Table 2: Proxies used for assessing ›quality‹ titles in our subset. *These proxies are author-based due to the scarcity of data or nature of the proxy (e. g. author-page rank or the Nobel Prize in Literature).

4. Method

[20]As we seek to gain a better insight into types of titles, rater behaviour and judgements of the ›mediocre‹ Goodreads subset, we apply measures that can reasonably be expected to differentiate groups within the subset. These are, firstly, external proxies of literary quality which indicate whether a title is highly appreciated outside the Goodreads platform (table 2). Secondly, with the Goodreads data, we examine whether these ›quality titles‹ within the ›mediocre‹ subset differ from other titles in terms of rating count, examining whether the ›quality‹ titles are more popular (i. e., more frequently rated) in comparison to the ›non-quality‹ titles in our subset. Thirdly, we examine the distribution of ratings of the ›quality‹ titles in our subset, to assess whether some titles in the subset are subject to different rating behaviour and, specifically, whether titles that are ›quality‹ titles judged ›quality titles‹ by external proxies (outside of Goodreads) are subject to a polarised rating behaviour within the Goodreads platform itself.

[21]To assess the polarisation of the raters of individual titles, we calculated the standard deviation (SD) of their rating distribution, based on the assumption that fewer ratings around the mean indicates more polarized rater behaviour.
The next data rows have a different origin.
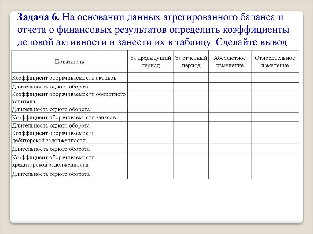 Задача 6. На основании данных агрегированного баланса иотчета о финансовых результатов определить коэффициенты
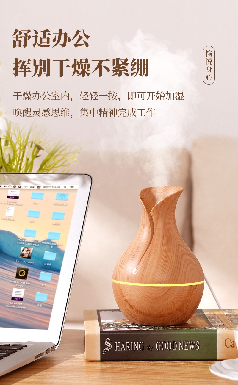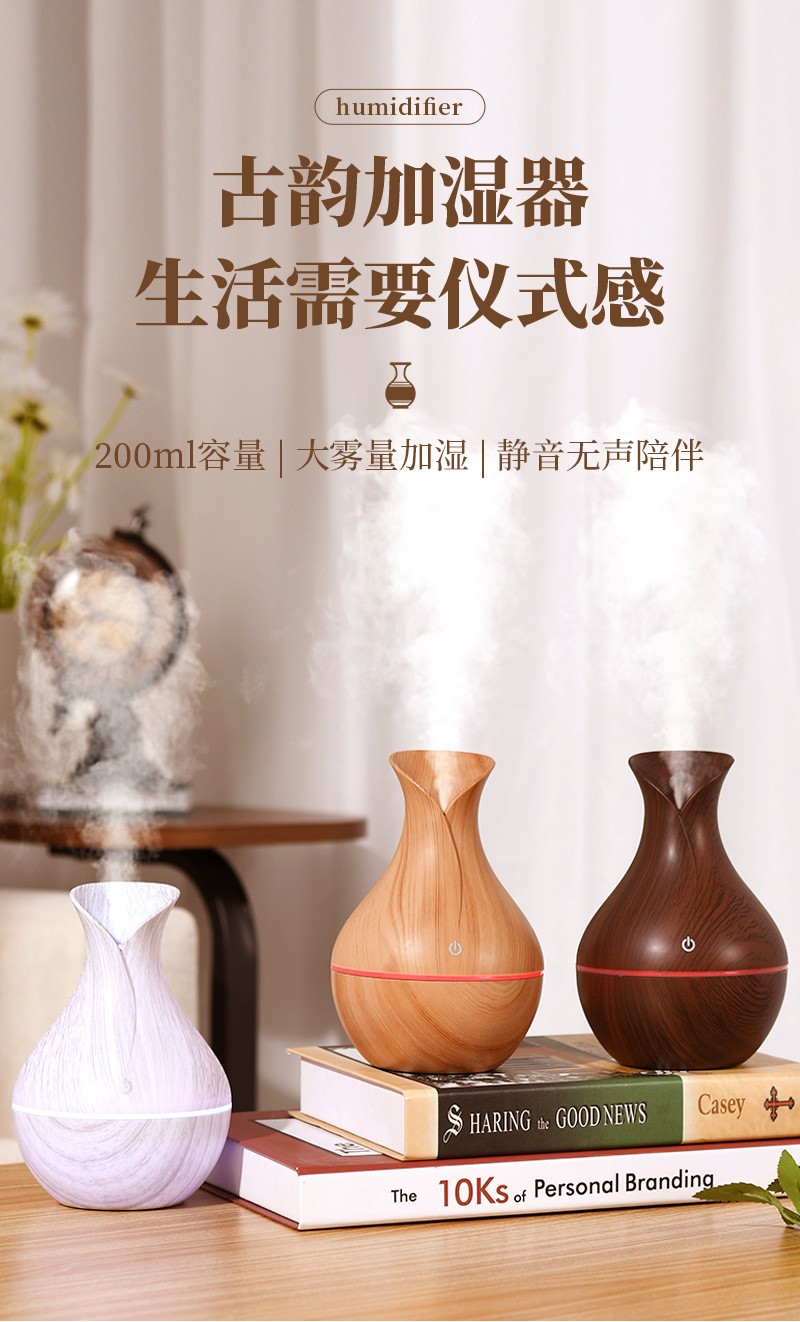 白色木紋水氧機 木紋質感 香氛 薰香 加濕器 水溶性精油 香芬機 芳香 水氧機 淨化空氣 七彩燈光 大霧量加濕器
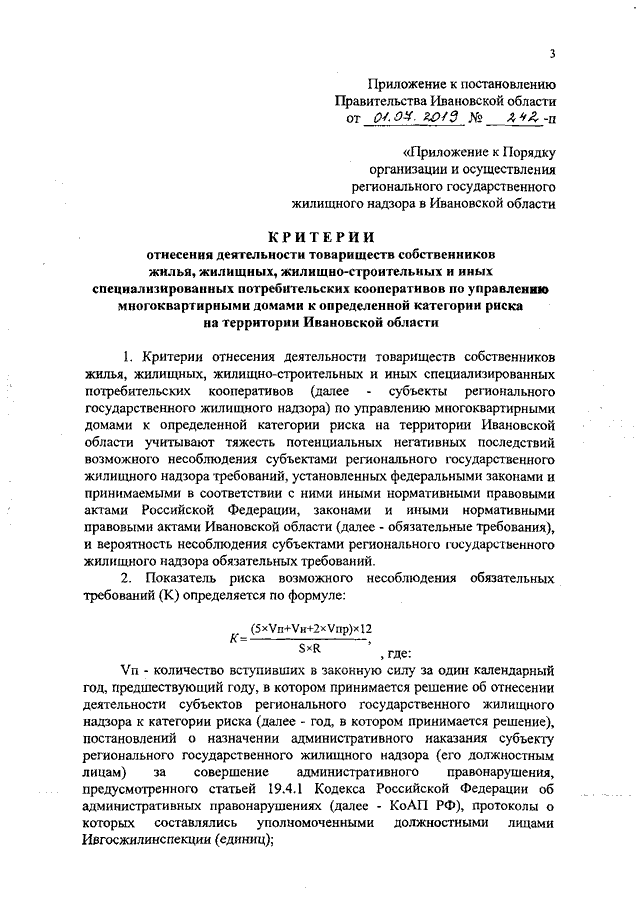 Постановление Правительства Ивановской области от 01.07.2019 N 242-п "О внесении изменений в постановление Правительства Ивановской области от 21.09.2016 N 323-п "Об утверждении Порядка организации и осуществления регионального государственного жилищного надзора в Ивановской области"
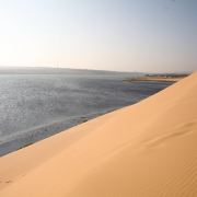 沙漠的深处有淡水湖泊,湖泊旁长满了高大幽深的热带丛林植被。红白相间的沙丘包裹着碧湖绿树,湖上飘着朵朵荷花,风吹荷浪翻涌,岸边丛林树梢沙沙作响,沙粒流动无痕。一副那么不和谐却又那么真实的美景在面前,使人有着无法形容的激动。
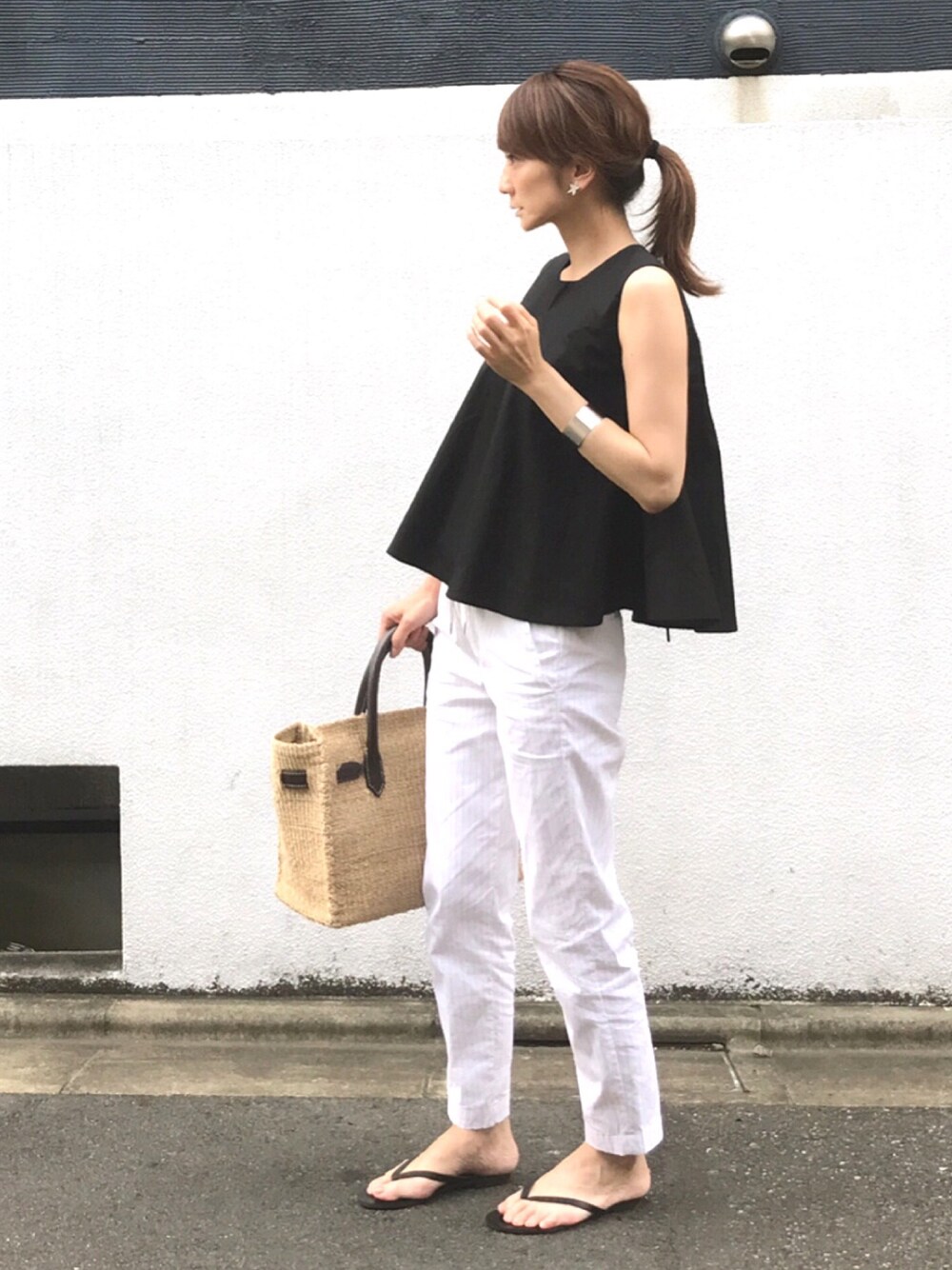 白 × 黒 やっぱり落ち着くモノトーンカジュアル😇 地味コーデには、トップスのAラインシルエットで可愛いさプラス🙆🏻
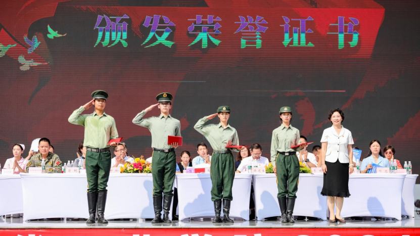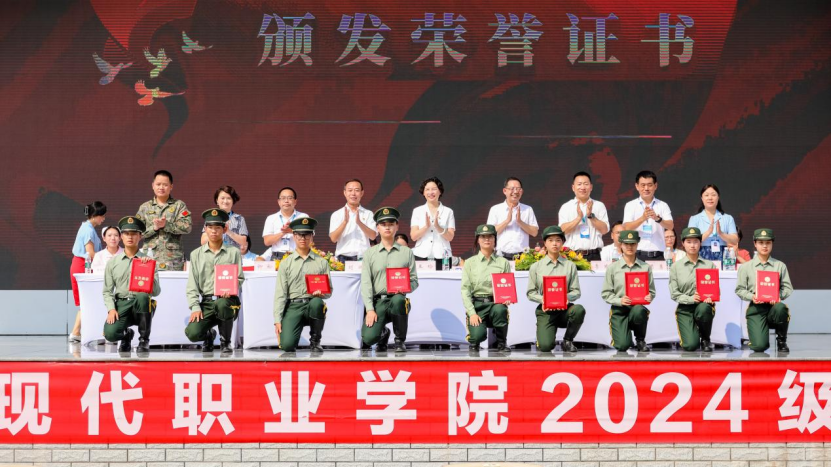 随后,华新学院党委副书记李瑜宣读了《四川华新现代职业学院2024级新生军训表彰决定》,对在军训中表现突出的集体和个人进行了表彰。
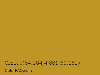 CIELab 64.184,4.881,60.151 Color is a normal orange color and the nearest color is Nugget #c59922. Hex code #bf9626 and RGB value is rgb(191,150,38). In RGB color space, this color is composed of 75% red, 59% green, 15% blue, In CMYK color space, this color is composed of 0% cyan, 21% magenta, 80% yellow , 25% black , In HSL color space, this color has a hue angle of 44° , 67% saturation and 45% lightness.

Moreover, following Maity et al. (2019), we calculate the Shannon entropy of rating distributions as a proxy measure to assess the polarisation of raters.‍[34] If values are more ›polarized‹, they should also be more ›spread out‹ on the rating scale (1–5), which entropy should capture.

[22]To inspect how SD captures polarisation of reception of titles – essentially a ›sanity check‹ of our measures – we plotted the distribution of ratings of individual titles. For assessing and visualising, we keep a threshold of rating count (10,000). Firstly, because very low rating count may exhibit a ›polarised‹ readership because judgements have not converged at the larger scale or random patterns not corroborated by other raters. Secondly, to visualise more recognizable titles for the sake of our readers. Generally, we found both SD and entropy to distinguish the same titles at the highest and lowest end of the spectrum: the list and order of titles on the low and high end of SD are almost identical to those at the low and high end of rating entropy.

Figure 2: Titles among top 20 highest in SD to the left (SD descending) and titles among the 20 lowest in SD to the right (SD ascending). Note that titles to the right (blue) seem to have a slightly more ›normal‹ distribution, while rating distributions of titles to the left (pink) have more of a U-shape, with more low ratings (of 1 and 2) and very high ratings (of 5). [Chart: Feldkamp et al. 2025]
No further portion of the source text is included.